У самой церкви слуха Дины достигла мелодия виолончели, доносящаяся из верхнего окна домика: виолончель была истинной страстью преподобного мистера Скаттергуда – одной из многих, помимо его священного призвания. Викарий, сказала себе Дина, убыстряя шаги, если и не чопорный зануда, то со всей определенностью малодушный трус – хотя как виолончелист, надо признать, преуспел немало, – а также и сущий флюгер: никогда-то он не отстаивает своих убеждений на публике, сколько бы упрямства ни выказывал в семейной жизни. С мистером Марком Тренчем он неизменно любезен и добр, как то и подобает духовному пастырю, вне зависимости от личных или приходских интересов, касательно которых у них со сквайром, возможно, вышла размолвка. Немилосердно это, рассуждал ее чудак-муж, вести себя нетерпимо и жестко по отношению к одной из овец своей паствы; немилосердно выражать свое неодобрение открыто и прямо. Что, немилосердно – проявить стойкость, выказать твердость характера? Неужто бесхребетность – качество, в клерикальном мире столь популярное? Что за нелепость, думала про себя Дина, да в придачу еще и лицемерием отдает! Сама миссис Скаттергуд подобной щепетильностью не обладала, чувства столь деликатные были ей чужды, чужды абсолютно; она-то перед мистером Марком Тренчем не сробела бы, нет-нет, никогда, просто-таки горой бы встала на защиту своего мужа и своей веры, уж она-то быстренько призвала бы сквайра к ответу – хотя, конечно же, ей, супруге викария, подобное не пристало! И сколько бы сама она по этому поводу ни досадовала, приходу, чтобы выжить, позарез необходимы денежные субсидии из далройдских сундуков.

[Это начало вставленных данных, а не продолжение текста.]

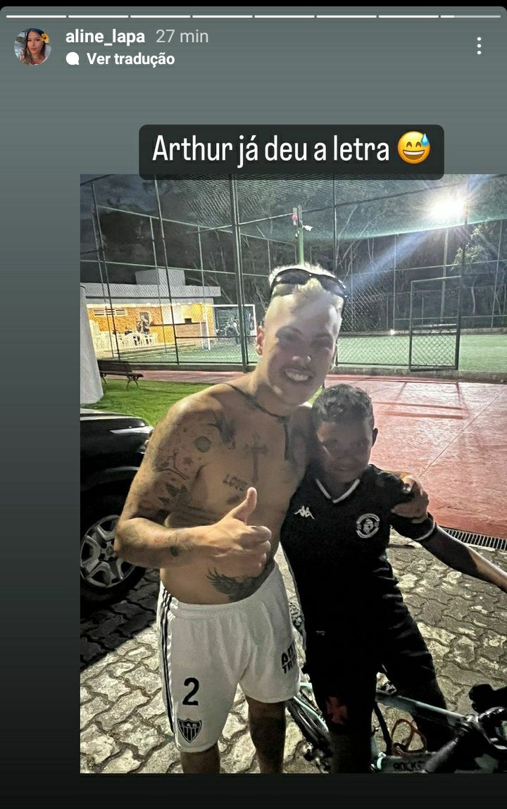 Aline, esposa do Anderson Conceição, postou essa foto do seu filho com o Guga e escreveu 'Arthur já deu a letra😅'

Как если бы ее любезный муженек и без того не обладал целой горой недостатков, их счастливый союз до сих пор не был благословлен потомством, и дом священника пока не озарился радостью – детей у них не случилось, так-таки ни единого, и не предвиделось; в результате миссис Дина Скаттергуд, особенно приходя в соответствующее настроение, не колеблясь, ставила мужу в вину еще и это.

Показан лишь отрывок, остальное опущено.